Wow. This is all becoming too real for me. You know, the whole giving birth part. I can't believe I am going to have to push another baby out of me in just a few short weeks. I think about my experiences with the girls and they have all been really, really great, but you know, pushing a baby out of there is never a whole lot of fun no matter how quick and easy it may seem. Especially when you don't use drugs. Yeah, why do I do that again??? and again? and again?
With all three girls I have elected to have them naturally. No medications. No epidural. Nada. I am planning on doing it again. My head keeps flashing back to one particular photograph my sister in law took during Clara's birth. My face looks like I am in hell. I really don't want to go back there again! I guess that is why they call it 'the ring of fire'!
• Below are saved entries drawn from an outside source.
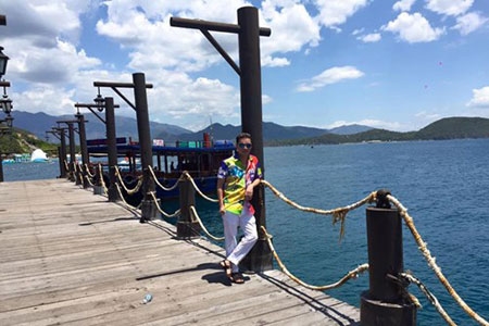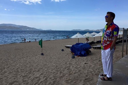 Huấn luyện viên Giọng hát Việt 2015 đang có tâm trạng khá thoải mái trong chuyến đi tới Nha Trang. |
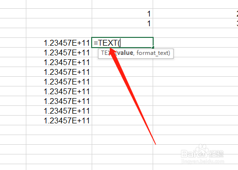 1.首先打开Excel数据表,输入text公式。
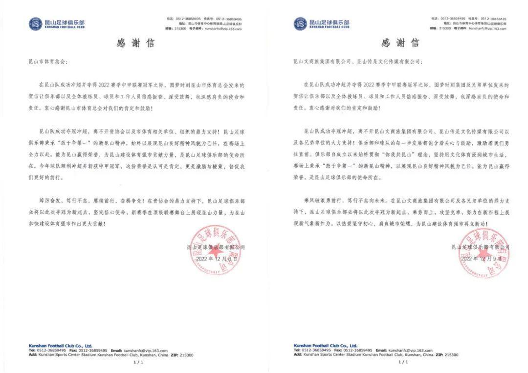 在青島海牛衝超成功之後,青島市委、市政府、市體育局都向俱樂部發出了賀信,南通支雲也收到了如皋市委、市政府發來的賀信。而拿到冠軍的崑山俱樂部,只是收到了崑山市體育總會(文體廣旅局的下屬體育單位)和崑山傳是文化傳媒的祝賀信。

I have not gone into labor on my own - they have never allowed me to get that far. I tend to dilate pretty much painlessly, and each time I've gone in to get checked, I've been 5-6cm, so of course, they don't let me go home, they break my water, and voila! An hour or two later, I have a baby. It's been a pretty good gig, and I assume it will happen similarly with this kid. My labor is pretty easy once they break my water, but pushing........oh god, I hate pushing. I think it was especially worse with Clara because she was our biggest baby at 7lbs (at 36w2d!!!), a pound MORE exactly than Lilah (6lbs), our second born...she hurt me. But, once they are born, I feel amazing. And since I pushed for only 10 minutes with Clara, I guess I shouldn't be able to complain...too much. Giving birth is invigorating, no really, it is!
It's funny because people say that you tend to forget all about the pains of childbirth after your first child, and that is what makes you want to do it again....I'd say that rings true for your second - you are just so in to having your baby....your first baby, and you don't know what to expect for yourself. But what about your third? your fourth? No way. There is no amnesia goin' on in my mind right now. I remember pleading with my OB during Clara's delivery to "just cut me" and get her out. I remember feeling like she was never going to come out. It seemed like an eternity even though it was only 10 minutes. Ha!
Even thinking about having our fourth child I still wonder if this labor and delivery will be like the first three. I pray it is. It couldn't go any better as far as childbirth is concerned. I love the fact that my body knows what to do, and as long as I listen to my body, let it do its job, then everything will go just as it should. Making sure I stay in control mentally is the most important part in childbirth, at least for me. Thankfully, when I asked Kevin what I have been like during childbirth, he says I am not a screamer and that I am focused and possessed. Ah, that sounds about right...
I think about meeting our newest little sweetheart and it makes it all worth it in the end...that's why I keep doing it, right? :)
Tomorrow, I have an ultrasound, which will most likely be my last. My cerclage removal is set for April 4th if all continues to go as planned.....less than two weeks ago. Absolutely Insane.